Nearly a year after the very public hacking of a Jeep that eventually led to the recall of more than 1.4 million Fiat Chrysler vehicles, federal law enforcement and vehicles safety officials are warning carmakers and owners that their vehicles are “increasingly vulnerable” to hackings.
The FBI, along with the National Highway Traffic Safety Administration, issued a safety bulletin on Thursday addressing concerns that vehicles are quickly becoming a target for hackers.
“The FBI and NHTSA are warning the general public and manufacturers – of vehicles, vehicle components, and aftermarket devices – to maintain awareness of potential issues and cybersecurity threats related to connected vehicle technologies in modern vehicles,” the agencies said in the bulletin.
Modern motor vehicles often include new connected vehicle technologies that aim to provide benefits such as added safety features, improved fuel economy, and greater overall convenience, the agencies say, noting that with this increased connectivity, it is important that consumers and manufacturers maintain awareness of potential cyber security threats.
The bulletin was issued following an analysis that demonstrated researchers could gain significant control over vehicle functions remotely by exploiting wireless communications vulnerabilities.

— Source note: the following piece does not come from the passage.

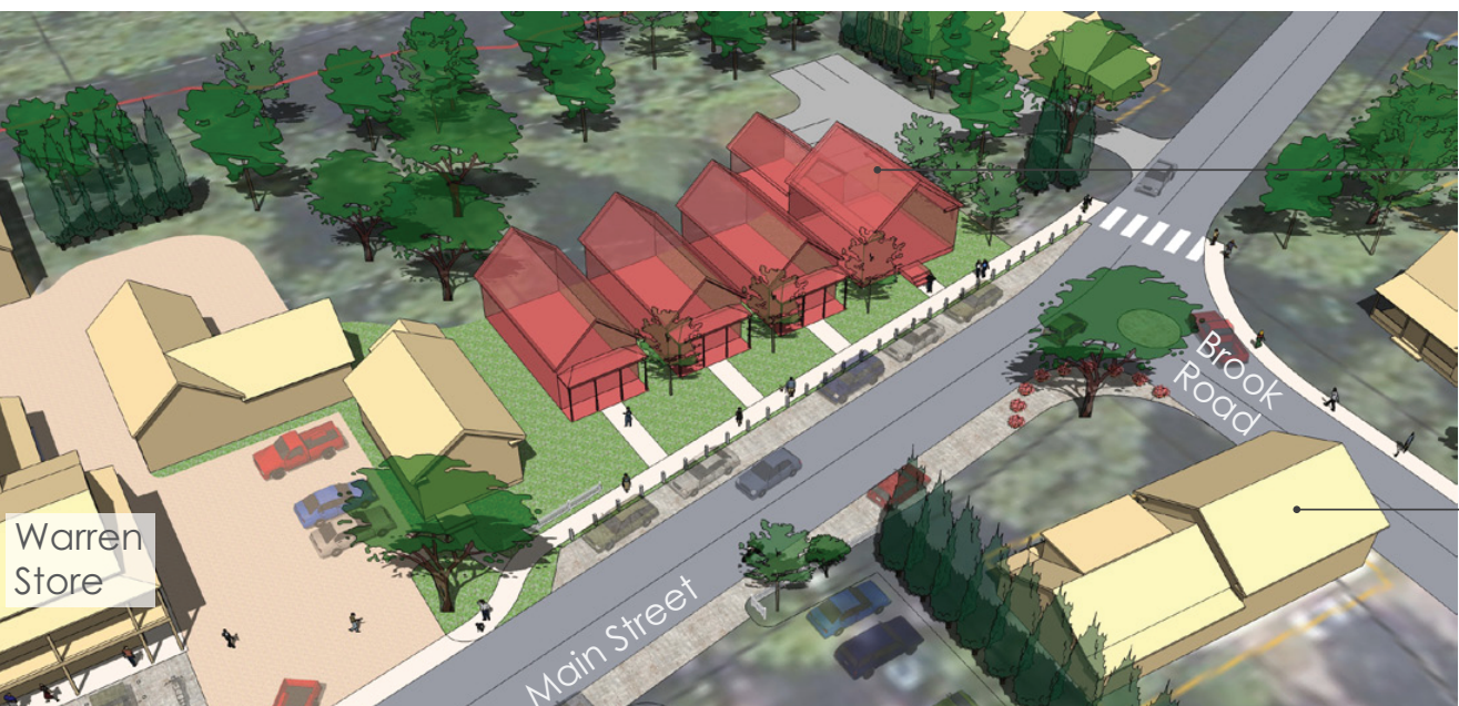
Additional Parking Opportunities (View Looking Northwest)

“While the identified vulnerabilities have been addressed, it is important that consumers and manufacturers are aware of the possible threats and how an attacker may seek to remotely exploit vulnerabilities in the future,” the bulletin states.
The FBI and NHTSA contend that while not all hacking incidents may result in a safety risk, it is important that vehicle owners take appropriate steps to minimize the risk.
According to the bulletin, criminals could exploit online vehicle software updates by sending fake “e-mail messages to vehicle owners who are looking to obtain legitimate software updates. Instead, the recipients could be tricked into clicking links to malicious Web sites or opening attachments containing malicious software.”
The bulletin offers several tips for car owners on how to minimize vehicle cybersecurity risks, including ensuring software is up to date, exercising discretion when connecting to third party devices, and being aware of who has physical access to their vehicles.
In the past year, there have been several cases in which vehicles have fallen victim to hackers.
In July 2015, security researchers Charlie Miller and Chris Valasek, hacked the Jeep while a Wired.com reporter was driving it, exploiting a flaw in Uconnect that gave them the entry point to wirelessly take control of the vehicle.
General Motors also found itself on the receiving end of hackings, when researchers claimed they were able to control any of the carmakers vehicles with OnStar. Additionally, hackers cut a Corvette’s brakes wirelessly to provide it could happen to just about any car with a computer in it.
Just last month, Nissan announced it would disable an app for its electric Leaf vehicle after researchers found a flaw that allowed someone to remotely control the car’s temperature.